Clinical laboratory leaders have been expressing concern over looming Medicare payment cuts they say could destabilize their operations, threaten patient access, and undermine preparedness for future public health crises. With reductions of up to 15% scheduled to take effect in 2026, the introduction of the bipartisan Reforming and Enhancing Sustainable Updates to Laboratory Testing Services (RESULTS) Act is being hailed by lab organizations as a lifeline to preserve financial stability and ensure seniors continue to receive timely, high-quality diagnostic testing.

US Senators Raphael Warnock (D-GA) and Thom Tillis (R-NC), along with a bipartisan coalition of House members, introduced the RESULTS Act on Sept. 10, 2025, to reform how Medicare pays for clinical laboratory services, a move aimed at protecting seniors’ access to essential diagnostic tests and stabilizing the nation’s lab infrastructure.

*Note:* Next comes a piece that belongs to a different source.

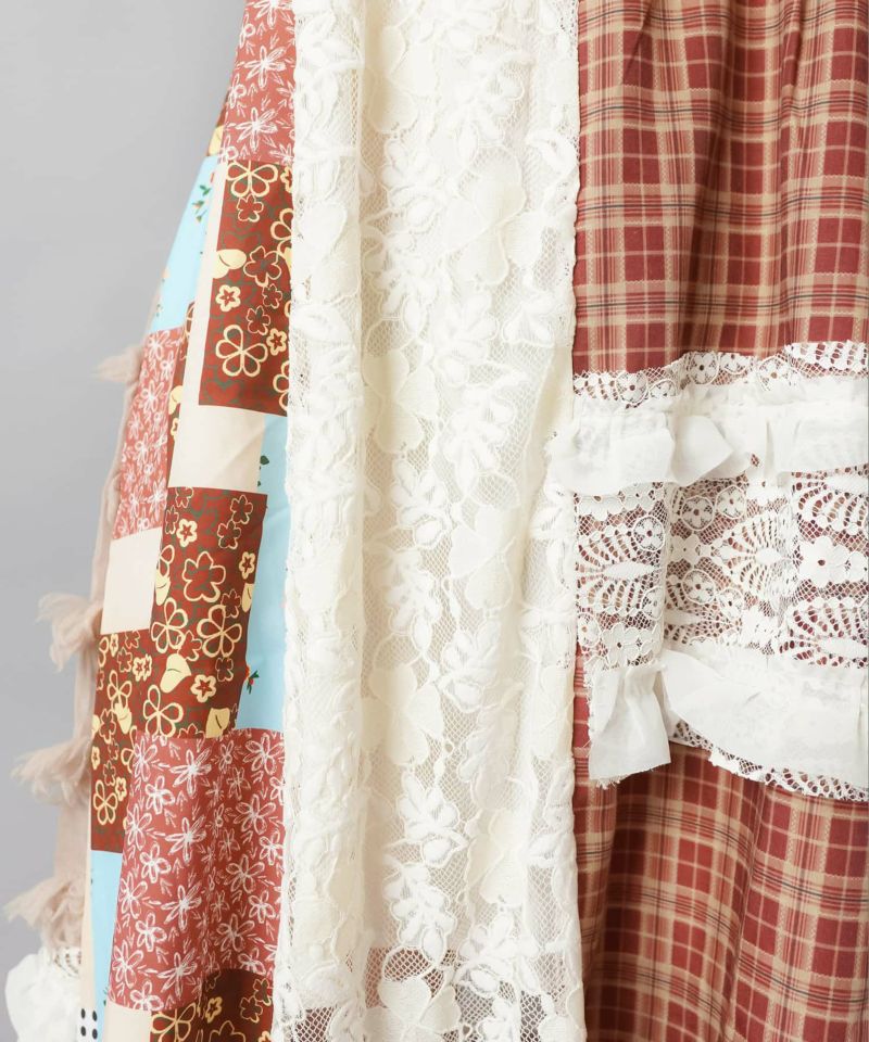 【レトロな雰囲気が可愛い!パッチワークロングキャミワンピ】

The legislation seeks to overhaul the payment system established under the Protecting Access to Medicare Act (PAMA) of 2014. While PAMA was intended to align Medicare rates with private insurers, laboratory groups argue that the way the law was implemented resulted in steep, unsustainable cuts. Without reform, payment reductions of up to 15% are scheduled to hit more than 800 commonly ordered tests starting January 1, 2026, and again in subsequent years.

“Access to quality clinical labs is essential to keeping our seniors living long, healthy lives,” said Warnock. “I’m proud to partner with my colleague Senator Tillis to put forward this legislative fix that will help ensure Georgia seniors will continue to have access to high-quality diagnostic services.”

Tillis emphasized that the bill is about long-term stability. “It is critically important that seniors have uninterrupted access to innovative diagnostic tests,” he said. “The RESULTS Act is a necessary step toward ensuring this access and supporting seniors’ healthcare needs. I’m proud to work with my colleagues to permanently fix flawed data collection and reporting methods which will allow Medicare beneficiaries to continue receiving quality and affordable lab services.”

CAP: Current Cuts Would “Undermine” Lab Operations

The College of American Pathologists (CAP) expressed strong support for the legislation, warning that continued fee reductions under PAMA would threaten patient care.

“The CAP supports congressional efforts to improve the PAMA rate-setting process for clinical lab services and reduce unnecessary burdens on laboratories,” said CAP president Donald S. Karcher, MD, FCAP.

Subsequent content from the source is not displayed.